The mapped reads were assembled into 61,033 transcript models falling under 23,837 loci (minimum length cut-off 200 nucleotides) (Fig. 1a,b and Suppl. Data S1,2). The assembled transcripts were functionally and compositionally annotated using Annocript²¹ measuring also their non-coding potential scores (NCP) using Portrait²². The annotations were then used to stringently classify candidate lncRNAs. We classified transcripts lacking any homology to coding sequences and/or protein domains and showing ORFs shorter than 100 aminoacids as candidate lncRNAs. We then evaluated the distribution of NCP for all the transcripts (Suppl. Fig. S1a) and chose the average NCP of all candidate lncRNAs (0.76) as a conservative cut-off to predict potential lncRNAs (Suppl. Fig. S1b and Suppl. Data S3–5). Next, we filtered out all potential lncRNAs proximal to 3′UTRs, because they might represent alternative polyadenylation events of coding genes to finally classify 1120 transcripts (918 loci) as lncRNAs (Suppl. Data S6). The different additive filtering strategies and the chosen cut-offs make us confident that the identified final set of lncRNAs contains few false positives, while the total number of lncRNAs in tetraodon is probably under-estimated (see methods). The remaining 59,913 transcripts from 23,390 loci were classified as coding. Among them, the assembled coding transcripts mapping to an Ensembl coding gene were classified as common coding while those not mapping on an Ensembl gene model and/or an ESTs from GenBank were classified as novel.

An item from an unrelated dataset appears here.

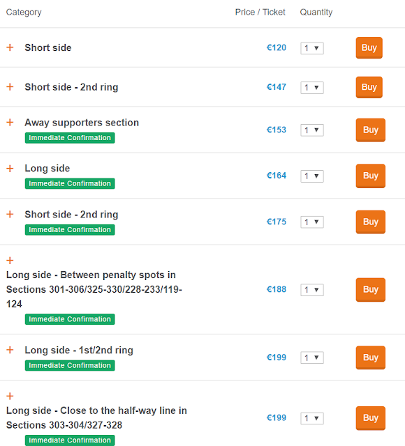 Wejściówki zakupimy na rynku wtórnym. Ceny wraz z opłatą rezerwacyjną otrzymamy od 137 EUR (ok. 588 zł) REZERWUJ====>.

We checked the overlap of the assembled transcripts with Ensembl gene models by location-based mapping thereby transcripts classified as coding were used, since the Ensembl annotated genes for tetraodon lack lncRNAs. The majority of the Ensembl gene models were mapped to an assembled locus (85%) indicating a broad agreement between the two datasets. The majority (65%) of our assembled coding loci are longer than their Ensembl counterpart (Suppl. Fig. S2a), leading to the extension of both the 3′ and 5′ ends of the Ensembl genes (about 48% of mapped Ensembl genes), while about 8% extend only at the 3′ ends and another 8% extend only at the 5′ ends. Interestingly, transcriptional start sites (TSSs) for 57% of coding and 85% of lncRNAs are supported by CAGE-seq data generated from early developmental stages (2 hpf and 48 hpf)²³. Tetraodon lncRNAs result to be shorter with fewer but longer exons in comparison to coding transcripts. In addition, 14% of them (161 transcripts) have a single exon and do not show any splicing evidence (Suppl. Fig. S2b–d). They also show lower expression levels compared to coding transcripts (Suppl. Fig. S3). These observations were reported also for lncRNAs in all other vertebrate species analyzed^6,8.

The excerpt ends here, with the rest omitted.